> [Information shown]
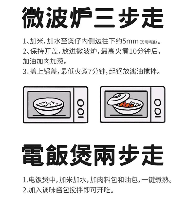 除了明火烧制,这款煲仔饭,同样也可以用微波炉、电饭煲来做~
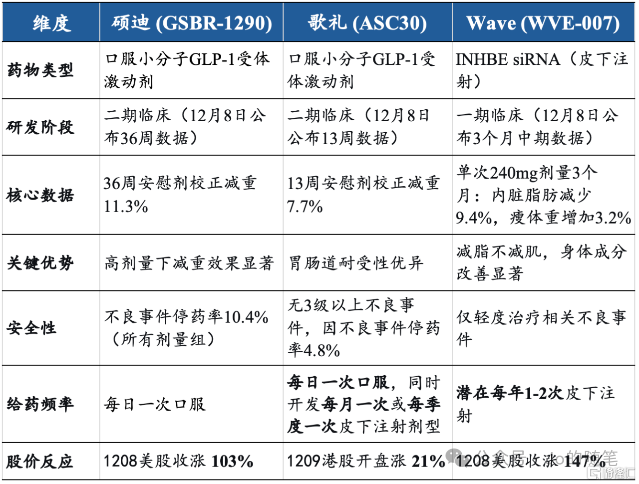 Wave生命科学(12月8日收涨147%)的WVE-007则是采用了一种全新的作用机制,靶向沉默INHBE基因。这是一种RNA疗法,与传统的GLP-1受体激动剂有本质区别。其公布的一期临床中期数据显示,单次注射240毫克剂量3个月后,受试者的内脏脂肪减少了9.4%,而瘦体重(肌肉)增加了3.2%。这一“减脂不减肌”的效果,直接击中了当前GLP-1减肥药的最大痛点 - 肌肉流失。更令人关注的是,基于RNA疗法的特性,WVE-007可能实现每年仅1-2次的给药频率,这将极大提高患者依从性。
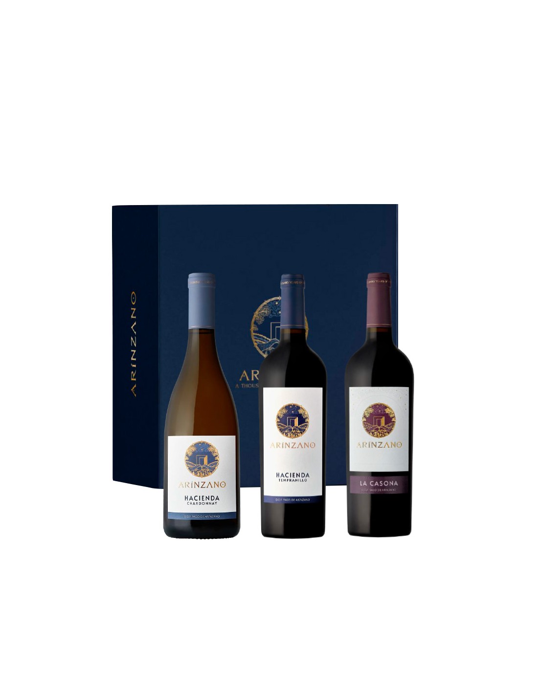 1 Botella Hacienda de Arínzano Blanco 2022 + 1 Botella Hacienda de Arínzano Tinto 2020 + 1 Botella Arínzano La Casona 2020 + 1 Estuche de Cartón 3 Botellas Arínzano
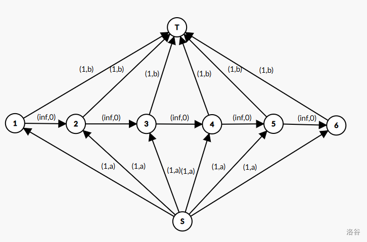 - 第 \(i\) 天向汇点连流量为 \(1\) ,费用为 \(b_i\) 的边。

> [What is needed]
The expected output is the exact run of lines from the one containing "1 Botella Hacienda de Arínzano Blanco" through the final line of the data above, both ends included, with no pictures.

> [Reply]
 1 Botella Hacienda de Arínzano Blanco 2022 + 1 Botella Hacienda de Arínzano Tinto 2020 + 1 Botella Arínzano La Casona 2020 + 1 Estuche de Cartón 3 Botellas Arínzano
 - 第 \(i\) 天向汇点连流量为 \(1\) ,费用为 \(b_i\) 的边。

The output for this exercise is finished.